Prompt:
Pictures stay out of the copy, which must hold exactly the lines from the one containing "Material : Semi" through the end of the material below.

Exercise data:
********************
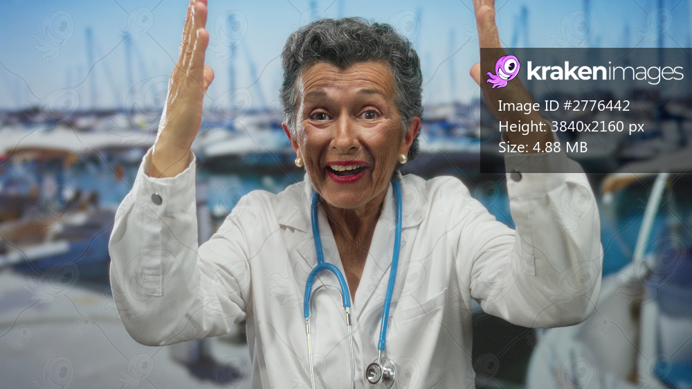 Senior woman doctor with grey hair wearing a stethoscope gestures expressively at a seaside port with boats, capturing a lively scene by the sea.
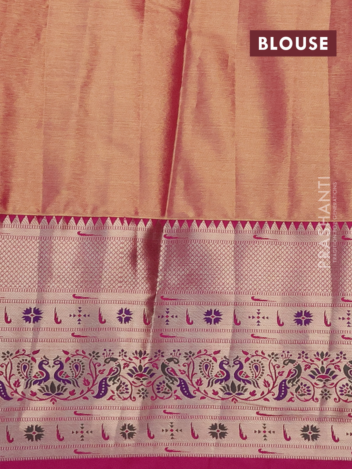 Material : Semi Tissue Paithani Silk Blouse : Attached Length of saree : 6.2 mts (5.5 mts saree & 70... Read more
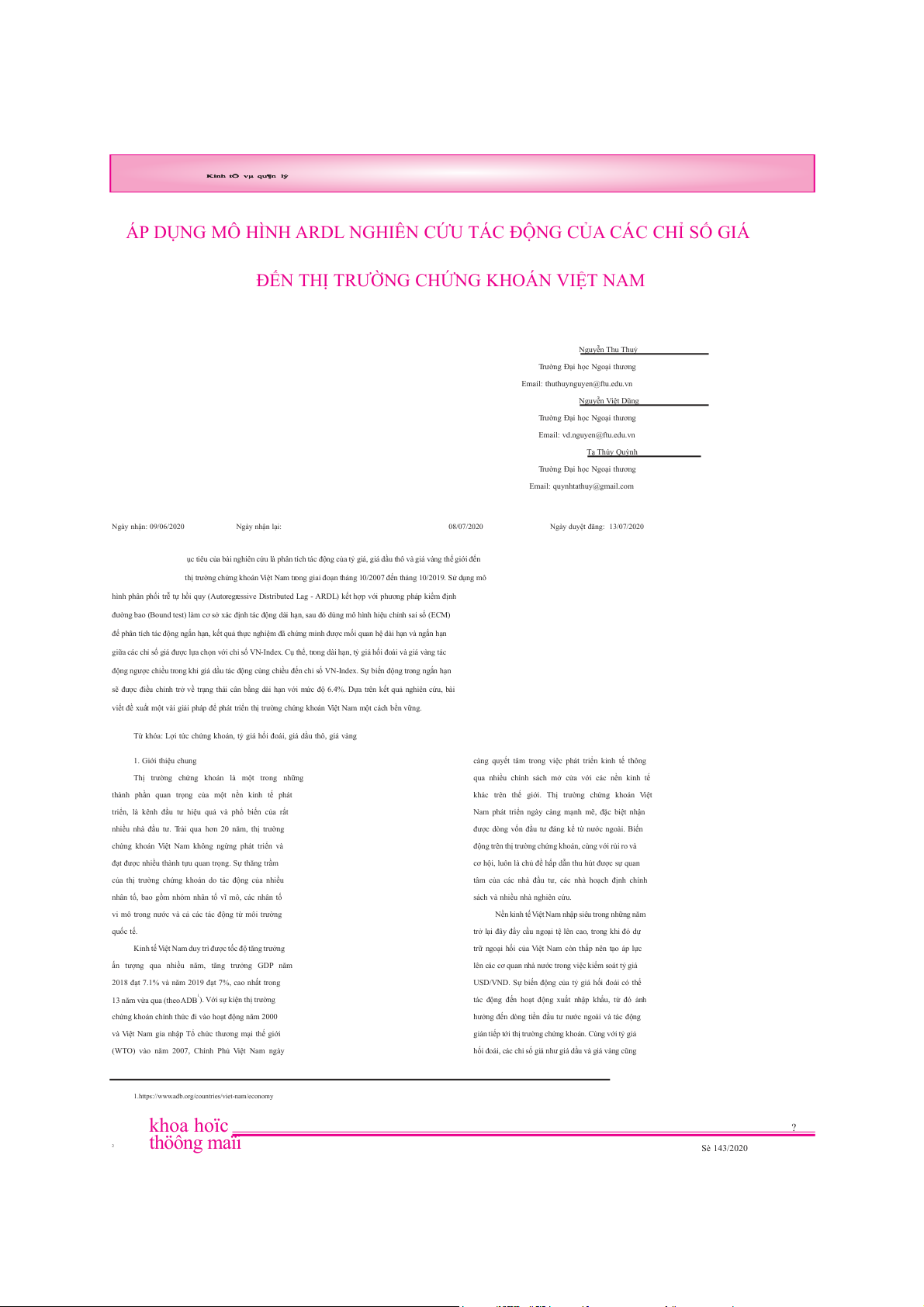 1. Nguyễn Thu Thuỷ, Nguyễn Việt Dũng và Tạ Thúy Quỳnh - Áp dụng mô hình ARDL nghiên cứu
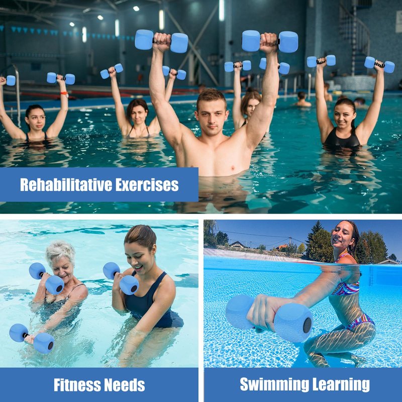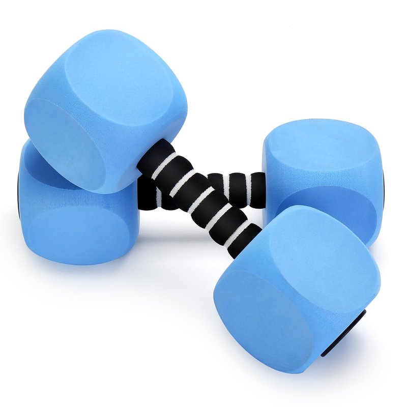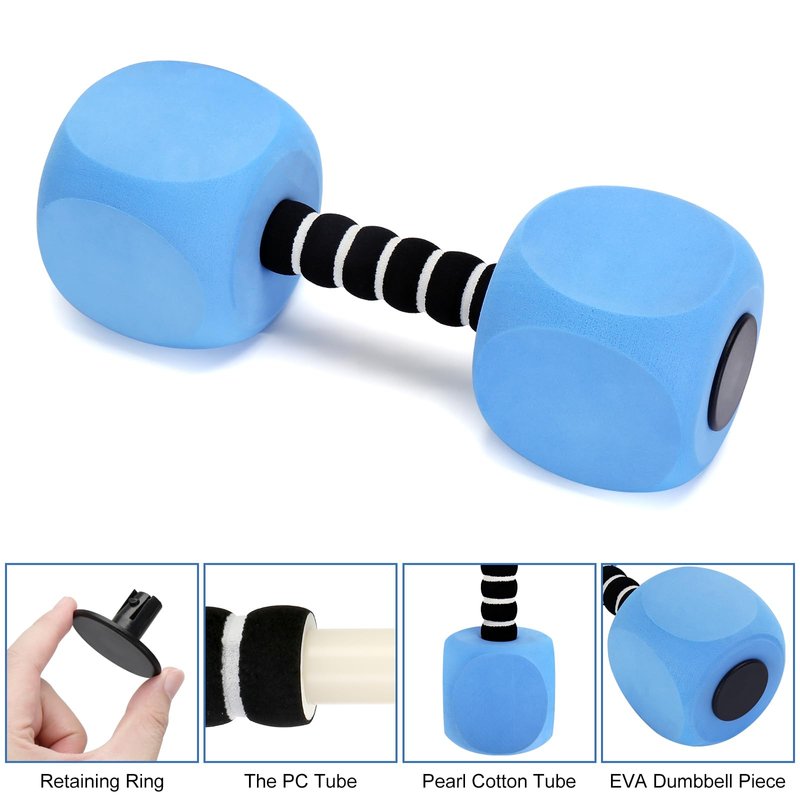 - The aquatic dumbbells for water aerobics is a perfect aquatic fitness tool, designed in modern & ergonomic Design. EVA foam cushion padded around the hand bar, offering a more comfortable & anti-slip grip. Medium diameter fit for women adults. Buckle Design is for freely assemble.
********************
Answer space:
 Material : Semi Tissue Paithani Silk Blouse : Attached Length of saree : 6.2 mts (5.5 mts saree & 70... Read more
 1. Nguyễn Thu Thuỷ, Nguyễn Việt Dũng và Tạ Thúy Quỳnh - Áp dụng mô hình ARDL nghiên cứu
 - The aquatic dumbbells for water aerobics is a perfect aquatic fitness tool, designed in modern & ergonomic Design. EVA foam cushion padded around the hand bar, offering a more comfortable & anti-slip grip. Medium diameter fit for women adults. Buckle Design is for freely assemble.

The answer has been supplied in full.